The first test was conducted yesterday on the J-2X engine powerpack by engineers at NASA’s Stennis Space Center. This initial test was the first time cryogenic fuels were introduced into the powerpack and was designed to ensure that the powerpack and facility control systems are functioning properly.

Engineers at NASA’s Stennis Space Center conducted an initial test of the J-2X engine powerpack Feb. 15, kicking off a series of key tests in development of the rocket engine that will carry humans deeper into space than ever before.

This test is the first of about a dozen various powerpack tests that will be conducted throughout the year at Stennis. The initial test was designed to ensure powerpack and facility control systems are functioning properly. It also marked the first step in establishing start sequencing for tests and was the first time cryogenic fuels were introduced into the powerpack to ensure the integrity of the facility and the test article in preparation for full power, longer duration testing.

The powerpack is a system of components on the top portion of the J-2X engine, including the gas generator, oxygen and fuel turbopumps, and related ducts and valves.
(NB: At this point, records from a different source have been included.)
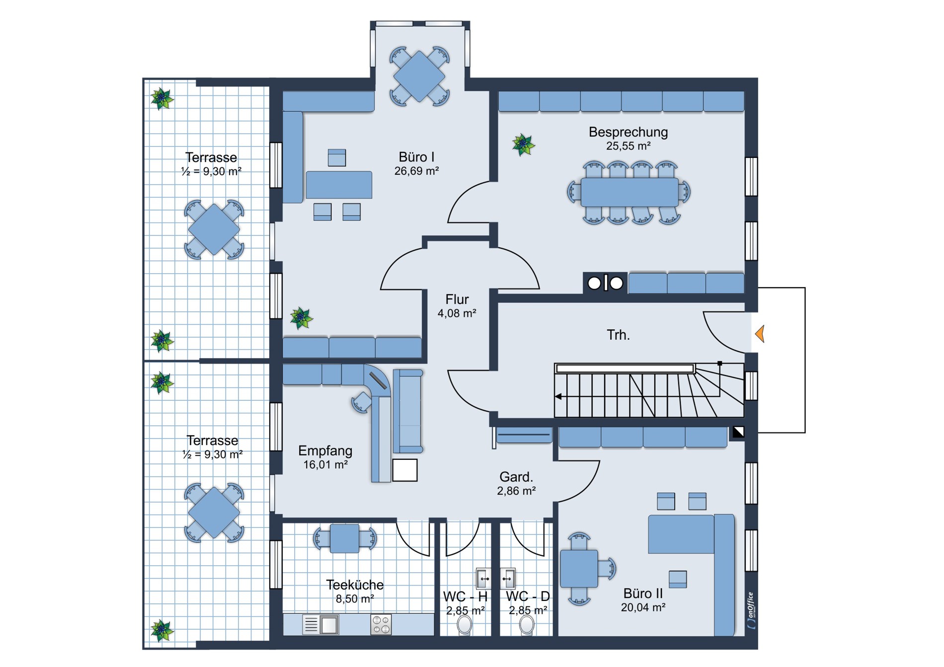 Gepflegte Bürofläche im Erdgeschoss mit Terrasse und Garten.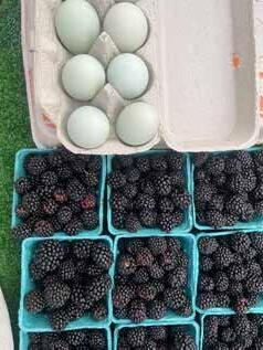 Some fresh blackberries and eggs at a farm stand. (Genevieve Vahl/City Journals)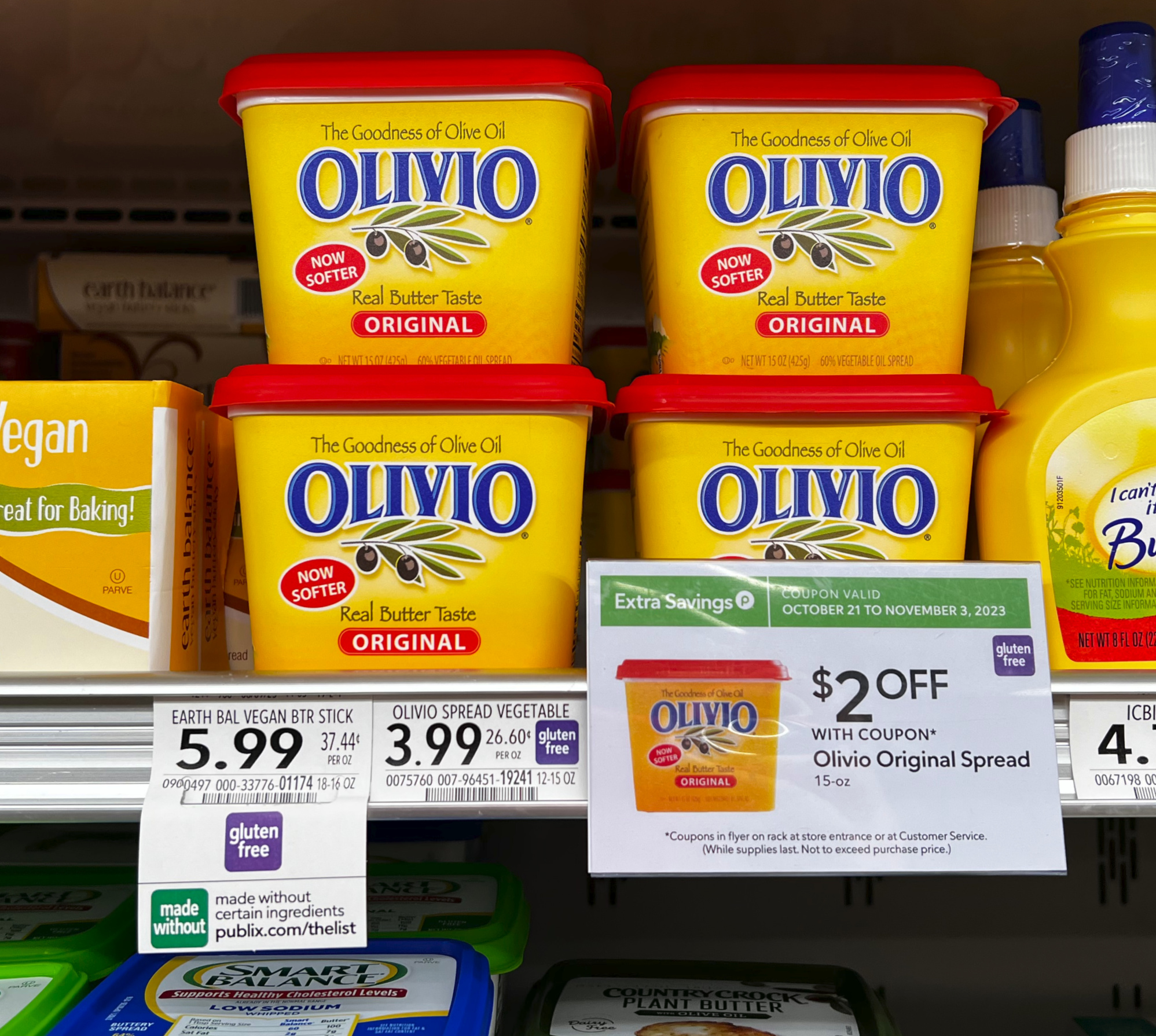 Grab your coupons and pick up a nice deal on Olivio Spread. After coupon and sale, you can pick up a tub for only $1.99 the next time you shop at Publix.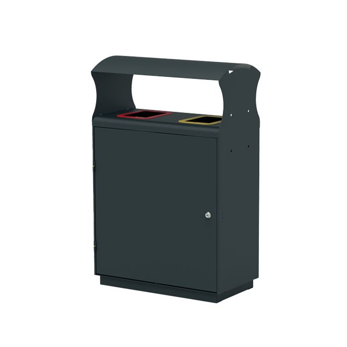 Esta papelera de reciclaje cuenta con dos aberturas estratégicamente ubicadas, lo que facilita la separación y el reciclaje eficiente de diferentes tipos de residuos. Además, los marcos de colores para la recogida selectiva permiten una identificación clara y rápida de los contenedores correspondientes, fomentando así una práctica de reciclaje organizada y efectiva.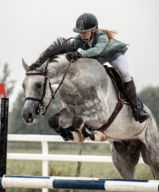 Старты - маршруты до 100 см (под любителем), часто в призах, может выше. Дома - гимнастика до 140 см с запасом; знает менку. Обладает техничным прыжком. Ничего не боится, прыгает барьеры любой конфигурации, в меру активный. Любопытный, ориентирован на человека, не жеребцует.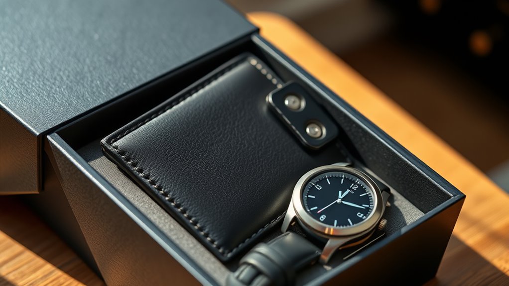 Prioritizing quality and durability guarantees that your gift for your boyfriend will stand the test of time. I always look for items made from sturdy materials like stainless steel, hardwood, or premium ceramics, which guarantee longevity. Checking for reinforced stitching, strong construction, or corrosion resistance helps guarantee the gift can handle everyday wear and tear. Durable gifts often have reinforced parts, such as thick glass or heavy-duty fabric, to prevent damage over time. High-quality components and high-grade materials usually resist fading, peeling, or breaking, keeping their appearance and function intact. Investing in quality means your gift remains both functional and attractive long-term, providing lasting value and satisfaction for your boyfriend. It’s a simple way to show you care about his happiness and the gift’s longevity.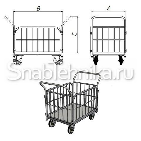 Предлагаются различные модификации тележек данной модели со следующими параметрами: грузоподъемность от 300 до 600 кг, ширина платформы (А) от 500 до 800 мм, длина платформы (В) 800 до 1400 мм, высота тележки без колес (С) 720 мм, высота бортов 500 мм. Высота платформы с разложенными ручками (без колес) 720 мм.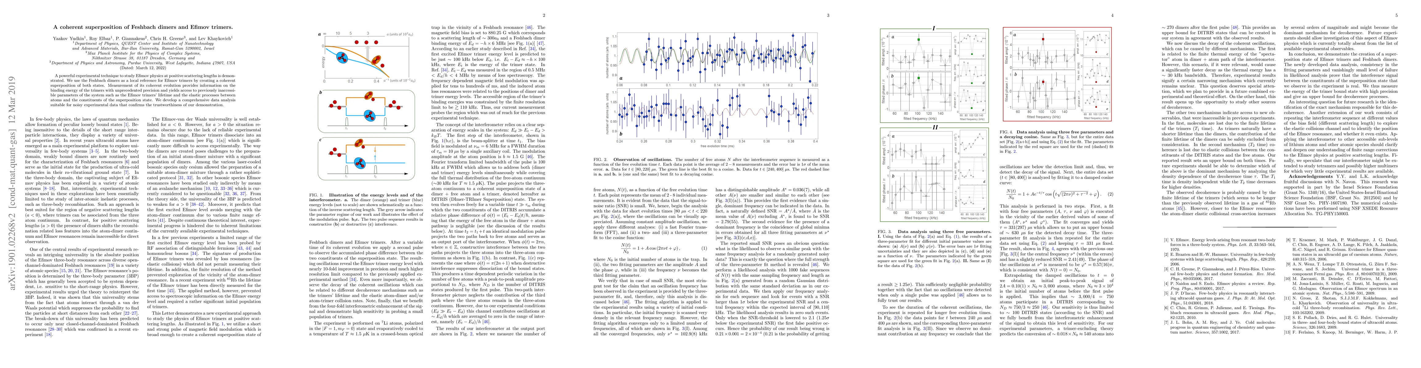 This paper demonstrates an experimental technique to study Efimov physics using Feshbach dimers as a reference, creating a coherent superposition of dimers and trimers. The precise measurement of this superposition's evolution reveals the trimers' binding energy, lifetime, and elastic processes, validated by robust data analysis.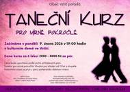 Vstiš pořádá taneční kurz pro začátečníky a mírně pokročilé, který začne v pondělí 6. října 2025 v 19:00 hodin v kulturním domě. Kurz je určen pro mládež od 15 let a dospělé, přičemž účast je možná pouze v párech a doporučujeme společenské oblečení.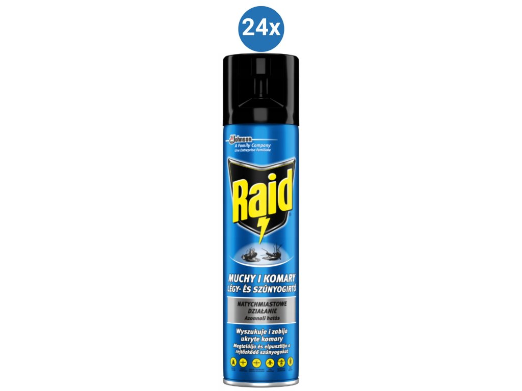 Raid aerosol proti létajícímu hmyzu je účinný insekticidní sprej určený k rychlému hubení komárů, much, vos, sršní, molů a dalšího obtížného hmyzu. Díky speciálnímu složení působí okamžitě po aplikaci a lze jej použít jak v interiéru, tak i venku.

On the full J-2X engine, the powerpack system feeds the thrust chamber system which produces engine thrust.

The J-2X is being developed by Pratt & Whitney Rocketdyne for NASA’s Marshall Space Flight Center in Huntsville, Ala. It is the first human-rated liquid oxygen and liquid hydrogen rocket engine to be developed in 40 years. The J-2X will provide upper-stage power for NASA’s Space Launch System, a new heavy-lift vehicle capable of missions beyond low-Earth orbit.

The new powerpack test series is the second for the J-2X engine. Testing of an Apollo-era powerpack at Stennis in 2008 provided critical data for development of the new, more advanced turbomachinery.